IaaS market evolving toward multi-cloud model
The initial wave of public cloud services from providers including AWS, Google and Dropbox had a distinct consumer feel. Consequently, enterprises were skeptical about their ability to meet business needs such as scalability, security and compliance.
However, these public cloud vendors gradually began to see value in the enterprise IaaS market, along with an opportunity to offer differentiated and higher-margin services. Additionally, established enterprise vendors, such as IBM, Microsoft and Oracle, began targeting the public IaaS market.
As more organizations move business-critical workloads to the cloud, public IaaS adoption is expected to rise. And, as this change occurs, chances are good that corporations will use multiple public IaaS providers.
These multi-cloud environments can drive better value and offer more flexibility than single-cloud deployments. Multi-cloud environments provide redundancy, which mitigates the risk of data loss and downtime. These environments also help organizations avoid vendor lock-in with public cloud providers.
Multi-cloud management and integration challenges
Despite many benefits, multi-clouds can be difficult to manage. Typically, these cloud services emerge autonomously; they are purchased to meet specific business needs, at times, with little to no IT input -- which creates inefficiency.
Multi-cloud integration is also an issue. Ranging from operating systems to protocol stacks, public IaaS providers use different technologies to build and support their cloud services. For example, AWS has a distinct Linux flavor, whereas Microsoft Azure is Windows-centric.
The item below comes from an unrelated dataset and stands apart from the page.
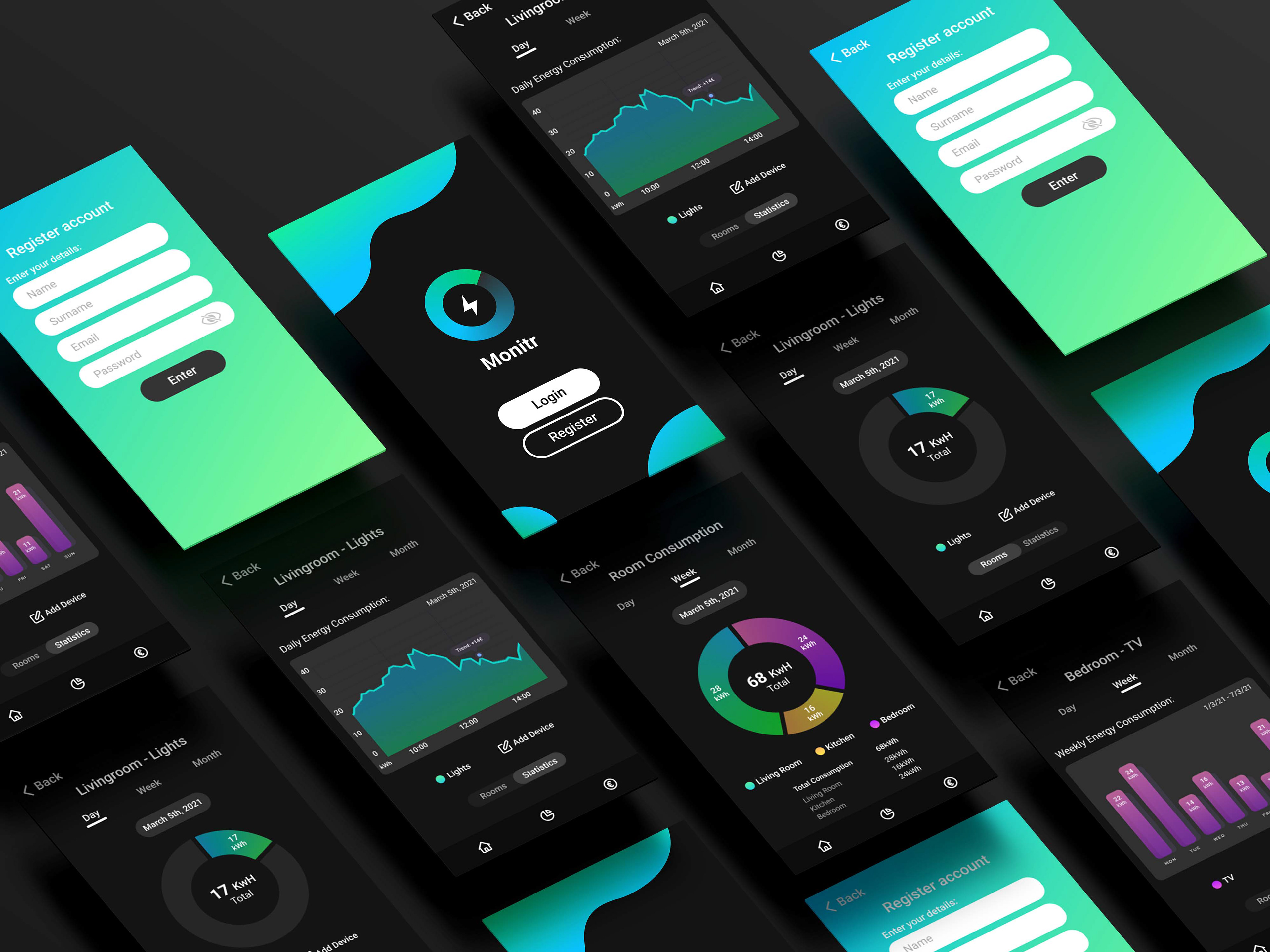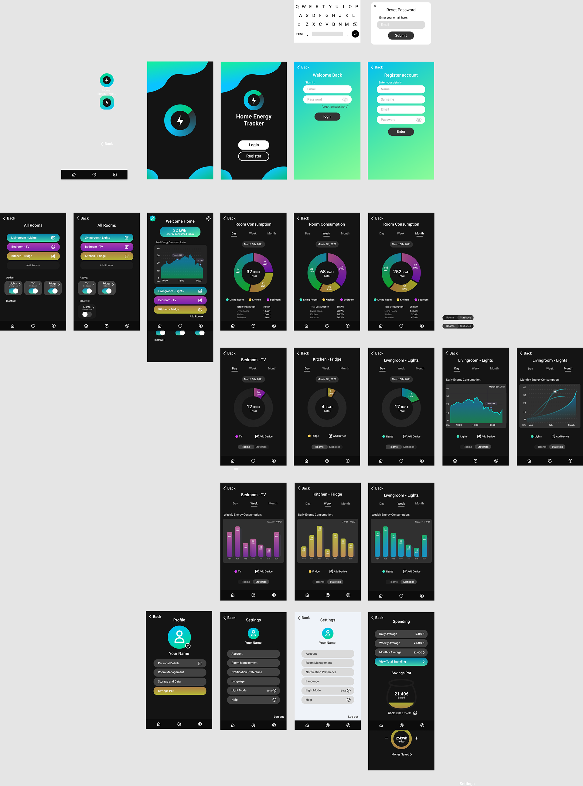 I have created a prototype for an energy monitoring app that detects the amount of energy used within the household, which is categorised by separate rooms. It detects the energy used by various appliances within the specified rooms, and illustrates the usage daily, weekly and monthly with charts.

Therefore, software portability is limited or completely unavailable.
While major cloud providers offer capable management platforms, each focuses mainly on its own cloud applications. Consequently, IT must deploy and maintain multiple management interfaces, which raises costs and lowers troubleshooting efficiency.
Because public IaaS is a pay-per-use service, customers receive regular usage bills. This also complicates tracking IaaS costs and billing in multi-cloud environments.
Tackling multi-cloud management issues
Rather than a set up a series of standalone IaaS systems, enterprises should connect them and consolidate maintenance functions. Standard architectures make it easier to adopt a multi-cloud strategy. OpenStack and CloudStack are two approaches gaining momentum, but these aren't widely deployed.
So, how can companies more efficiently manage multiple cloud provider environments? Auditing is a sound first step. Before an organization can monitor cloud services, it must first identify the specific services its employees use.
To help efficiently manage multi-clouds, third-party cloud brokers can source, price, compare and procure cloud services. Once selected, these brokers often handle an enterprise's cloud integration, management and accounting responsibilities.
While enterprise interest in public IaaS continues to grow, these services share few common design points. As a result, if a proper multi-cloud management strategy isn't in place, managing multiple IaaS platforms can place a burden on IT.
About the author:
Paul Korzeniowski is a freelance writer who specializes in cloud computing issues. Based in Sudbury, Mass., Korzeniowski has been covering technology issues for more than two decades and can be reached at firstname.lastname@example.org.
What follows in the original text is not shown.